Division of Hematology-Oncology, Department of Medicine, Korea University Anam Hospital, Korea University College of Medicine, Seoul, Korea.
Int J Hematol. 2010 Jun;91(5):886-91. doi: 10.1007/s12185-010-0580-2. Epub 2010 May 8.

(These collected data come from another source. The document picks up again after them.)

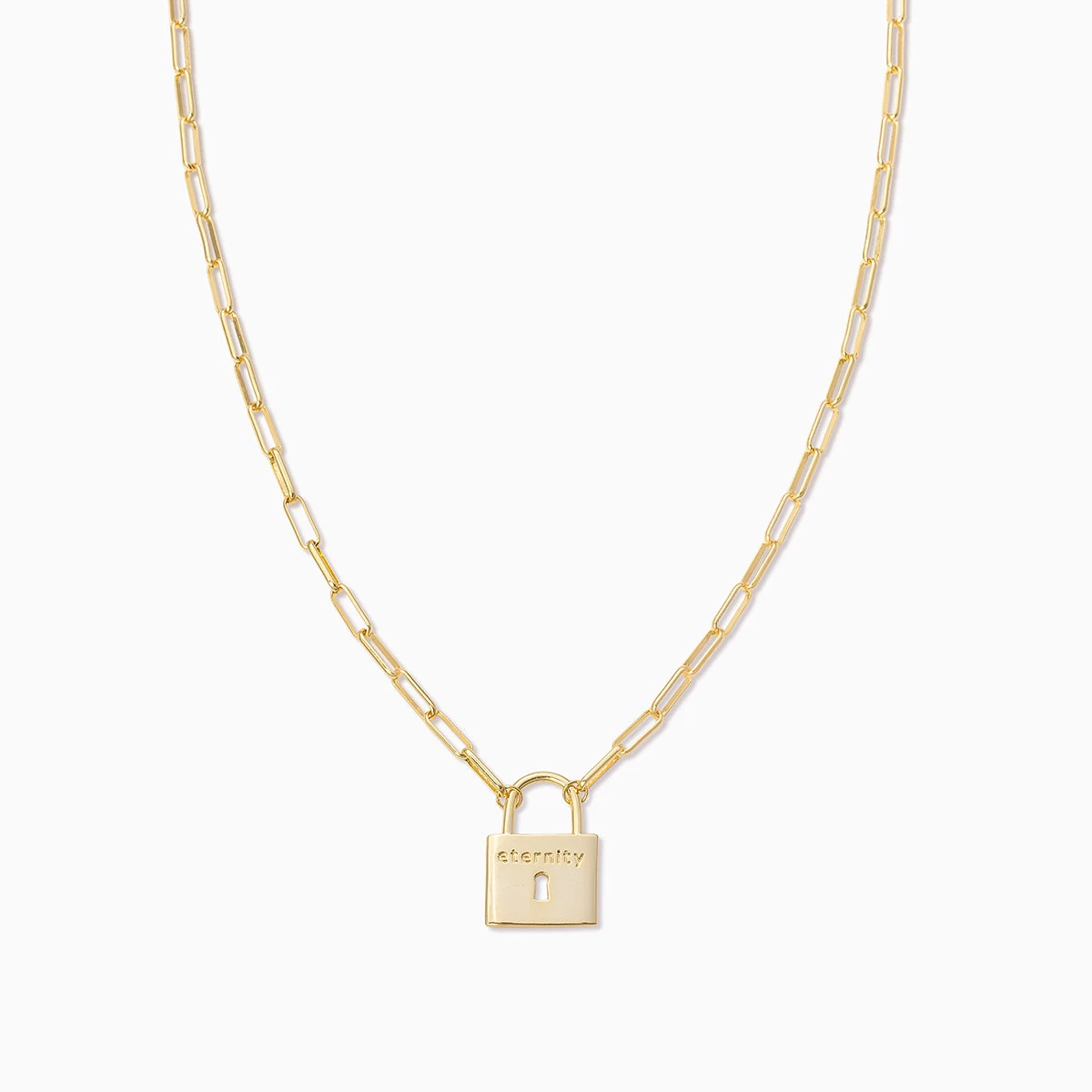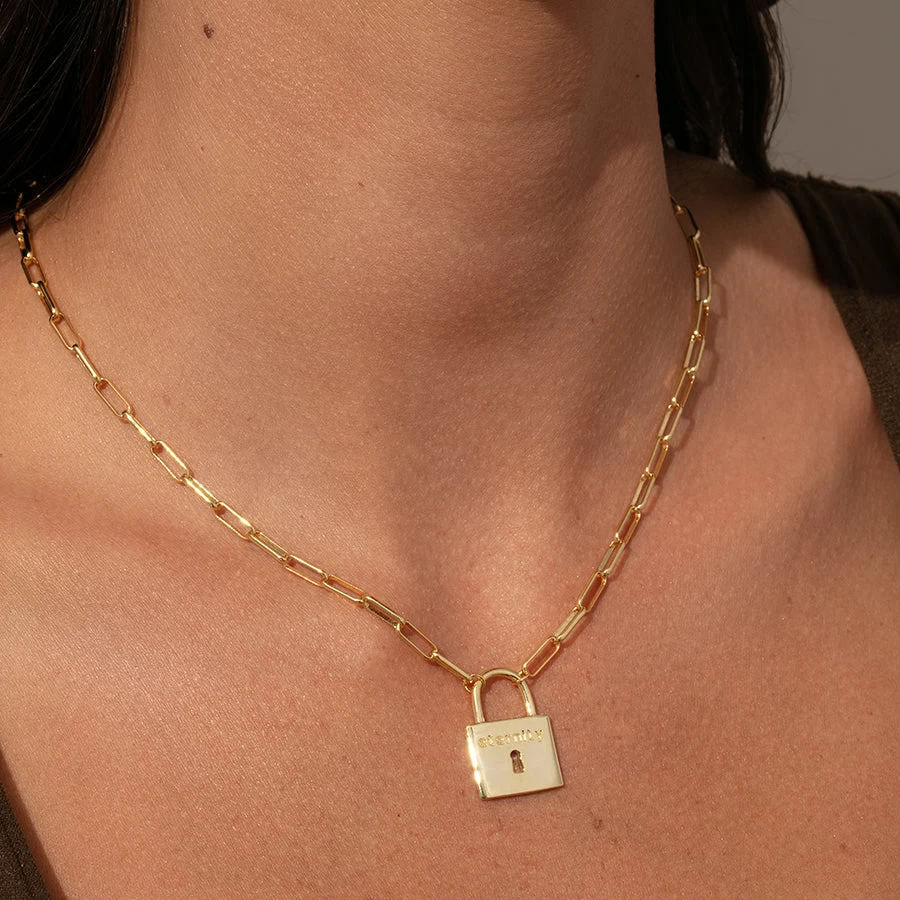 Lock down your everyday look with our Eternity Lock Necklace. This gold necklace is crafted from a lock pendant that reads “eternity” and a paperclip chain necklace. To make Kristin’s necklace stack yours, pair this chain and pendant necklace with our Horizon Necklace and Ready to Mingle 2.0 Necklace.
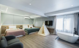 房間非常漂亮,帶起小朋友太適合了,小朋友很高興,出來玩不就是為了孩子開心嘛,離漂流近,過個橋就是 停車也方便,吃東西方便得很離步行街很近。
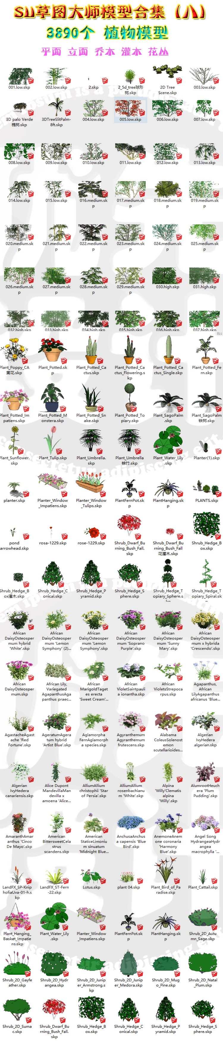 SU草圖大師 喬木灌木 花叢 盆栽 模型庫(kù) sketchup素材 細(xì)節(jié)17推廣熱賣(mài)行情
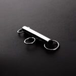 Feita de aço inoxidável de alta qualidade com anéis em ambos os lados e um anel no centro da barra.
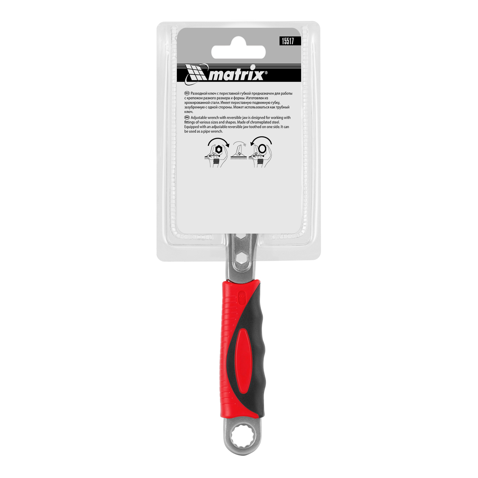 Ключ разводной, 200 мм, переставная губка, двухкомпонентная рукоятка Matrix в Екатеринбурге

We studied the efficacy of two different doses of ganciclovir to prevent cytomegalovirus (CMV) disease in allogeneic hematopoietic stem cell transplantation (HSCT) recipients. We randomly assigned allogeneic HSCT recipients who had CMV infection to receive preemptive ganciclovir therapy with or without induction phase (5 mg/kg twice daily for 1 week). Thirty-two and thirty-six patients were randomized to the standard and the low-dose therapy group, respectively. The median time to CMV antigenemia or viremia clearance was 7 days (3-25 days) in the standard therapy group versus 11 days (3-69 days) in the low-dose therapy group (P = 0.540). The incidence of CMV disease was similar between the two groups (P = 0.366). The Kaplan-Meier estimate of event-free survival by day 180 after HSCT was 76.2% in the standard therapy group versus 66.7% in the low-dose therapy group (P = 0.590). Severe neutropenia (<0.5 x 10(9)/L) was observed in four (12.5%) patients in the standard therapy group versus two (5.6%) patients in the low-dose therapy group (P = 0.314). This study suggests that a low-dose ganciclovir preemptive therapy can be as effective as the standard-dose ganciclovir preemptive therapy for the prevention of CMV disease in allogeneic HSCT recipients.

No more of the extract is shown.